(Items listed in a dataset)
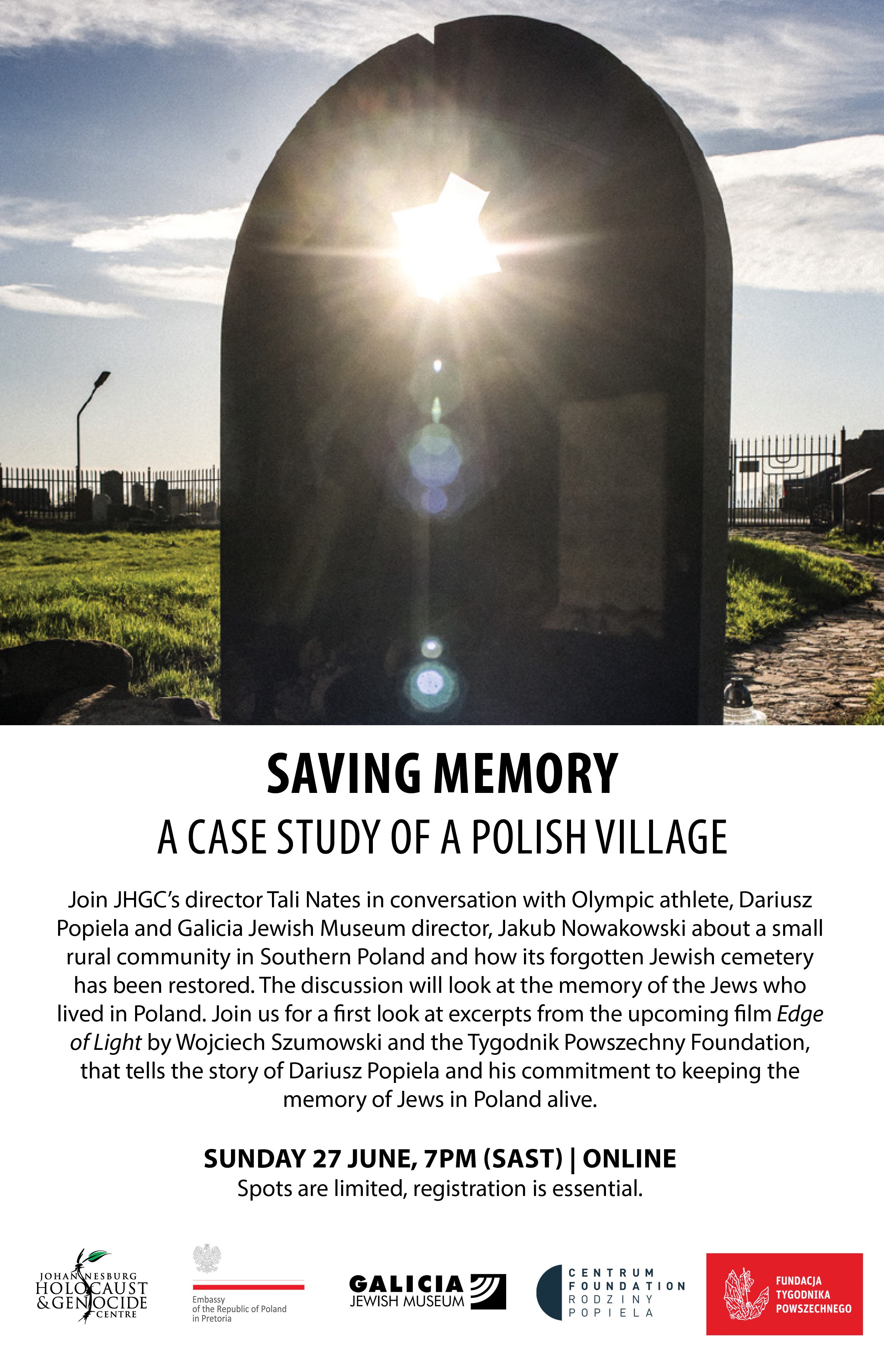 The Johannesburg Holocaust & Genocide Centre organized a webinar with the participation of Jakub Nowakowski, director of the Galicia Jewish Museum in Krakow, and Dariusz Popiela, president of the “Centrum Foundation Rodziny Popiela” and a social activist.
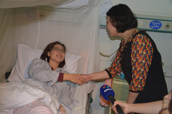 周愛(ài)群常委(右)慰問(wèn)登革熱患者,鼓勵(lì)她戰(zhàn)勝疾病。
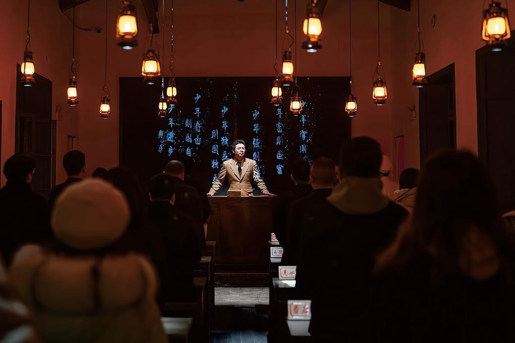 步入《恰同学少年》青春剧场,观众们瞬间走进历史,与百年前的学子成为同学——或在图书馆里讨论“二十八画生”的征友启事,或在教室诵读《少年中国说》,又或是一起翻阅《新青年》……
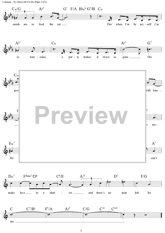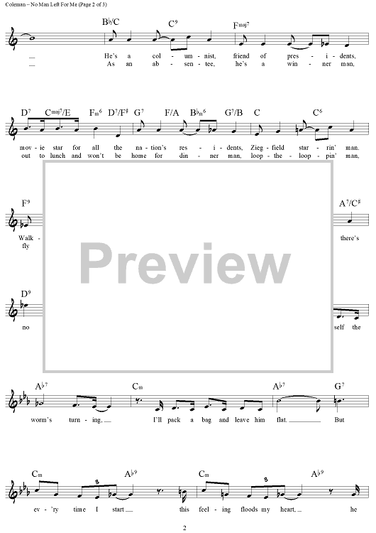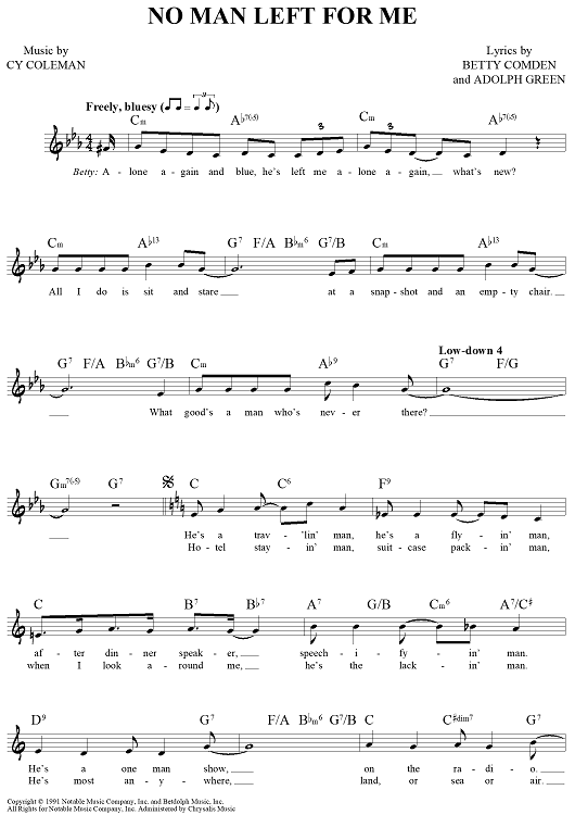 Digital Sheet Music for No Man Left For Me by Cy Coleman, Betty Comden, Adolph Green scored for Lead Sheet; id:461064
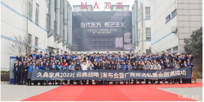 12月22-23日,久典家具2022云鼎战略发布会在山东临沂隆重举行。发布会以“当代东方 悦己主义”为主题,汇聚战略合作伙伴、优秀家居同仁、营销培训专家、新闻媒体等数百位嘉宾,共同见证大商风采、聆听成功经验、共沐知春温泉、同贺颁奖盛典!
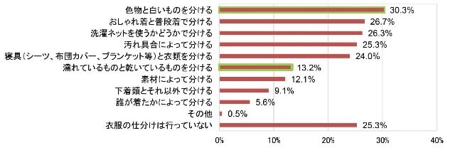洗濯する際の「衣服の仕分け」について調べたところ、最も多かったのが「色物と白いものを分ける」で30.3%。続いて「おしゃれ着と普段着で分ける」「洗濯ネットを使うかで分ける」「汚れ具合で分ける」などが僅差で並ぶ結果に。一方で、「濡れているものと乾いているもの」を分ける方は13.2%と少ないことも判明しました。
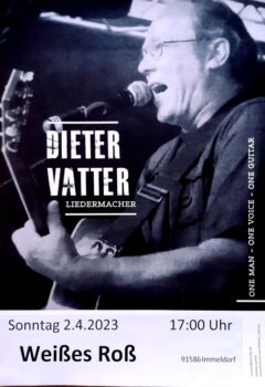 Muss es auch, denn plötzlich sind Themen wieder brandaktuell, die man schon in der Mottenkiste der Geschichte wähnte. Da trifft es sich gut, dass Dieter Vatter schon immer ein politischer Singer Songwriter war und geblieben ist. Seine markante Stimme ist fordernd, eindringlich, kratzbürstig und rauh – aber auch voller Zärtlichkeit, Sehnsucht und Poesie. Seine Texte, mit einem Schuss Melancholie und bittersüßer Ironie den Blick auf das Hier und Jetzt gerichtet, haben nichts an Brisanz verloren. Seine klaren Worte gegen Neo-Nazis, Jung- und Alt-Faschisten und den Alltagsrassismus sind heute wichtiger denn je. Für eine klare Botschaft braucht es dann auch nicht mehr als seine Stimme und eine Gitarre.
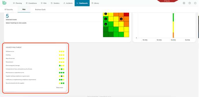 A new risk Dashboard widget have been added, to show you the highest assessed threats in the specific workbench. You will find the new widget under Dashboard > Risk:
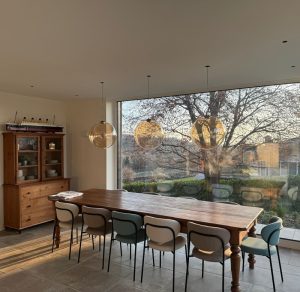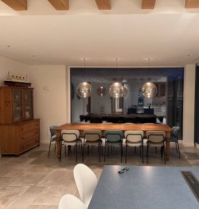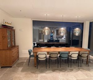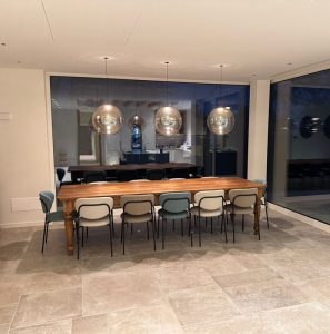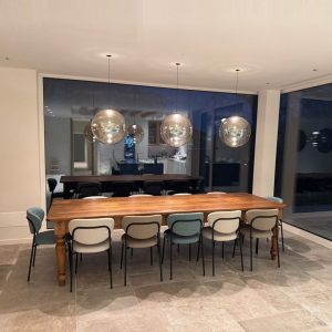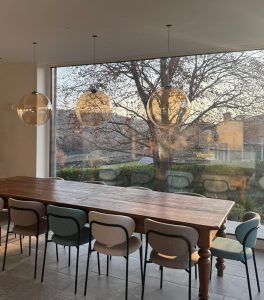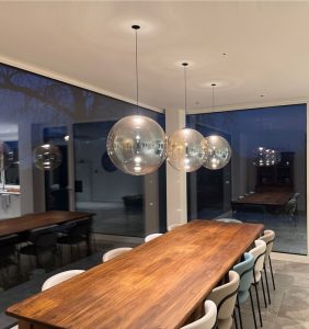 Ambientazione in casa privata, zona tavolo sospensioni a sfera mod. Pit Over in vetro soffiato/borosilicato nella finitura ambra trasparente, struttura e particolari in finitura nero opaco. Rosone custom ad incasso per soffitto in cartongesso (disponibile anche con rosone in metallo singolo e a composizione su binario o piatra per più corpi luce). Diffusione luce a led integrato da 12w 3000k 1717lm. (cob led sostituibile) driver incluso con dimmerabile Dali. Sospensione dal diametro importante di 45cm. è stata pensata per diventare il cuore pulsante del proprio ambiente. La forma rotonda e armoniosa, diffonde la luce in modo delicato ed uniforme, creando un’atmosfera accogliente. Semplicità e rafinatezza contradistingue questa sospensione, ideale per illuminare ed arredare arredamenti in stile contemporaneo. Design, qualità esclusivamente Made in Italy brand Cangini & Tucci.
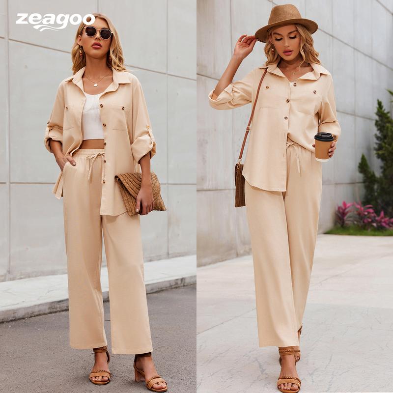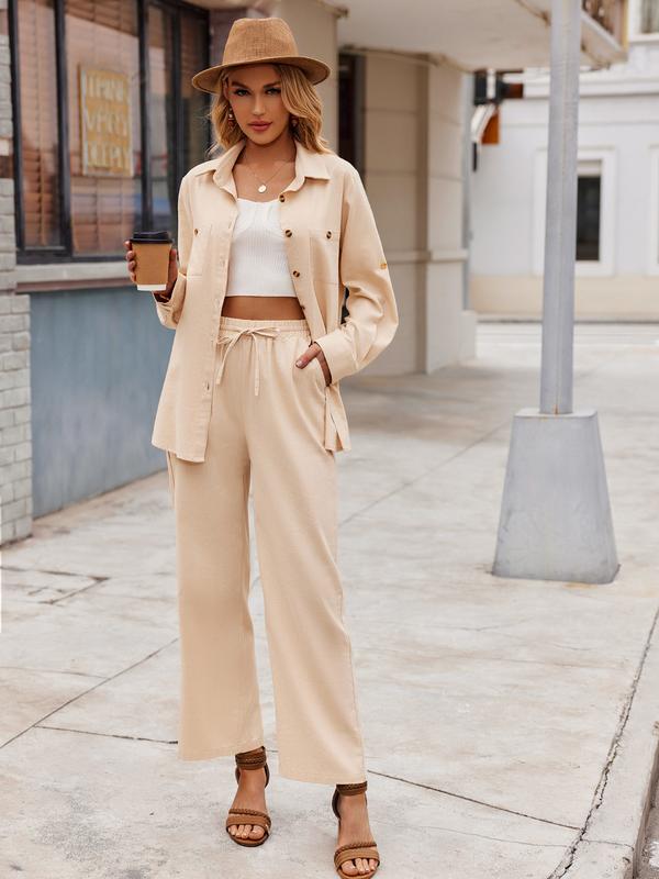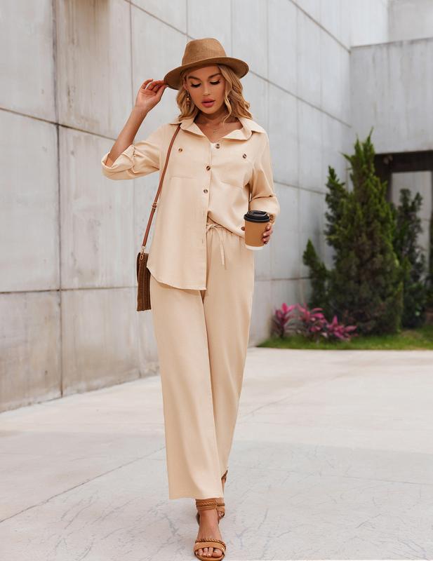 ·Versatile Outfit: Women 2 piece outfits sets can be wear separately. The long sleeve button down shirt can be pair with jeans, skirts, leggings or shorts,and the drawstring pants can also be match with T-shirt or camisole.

WHAT YOU SHOULD DO
Your answer should be the lines from the opening of the records through the line with "周愛(ài)群常委(右)慰問", both ends retyped exactly and pictures left out.

EXERCISE SOLUTION
 The Johannesburg Holocaust & Genocide Centre organized a webinar with the participation of Jakub Nowakowski, director of the Galicia Jewish Museum in Krakow, and Dariusz Popiela, president of the “Centrum Foundation Rodziny Popiela” and a social activist.
 周愛(ài)群常委(右)慰問(wèn)登革熱患者,鼓勵(lì)她戰(zhàn)勝疾病。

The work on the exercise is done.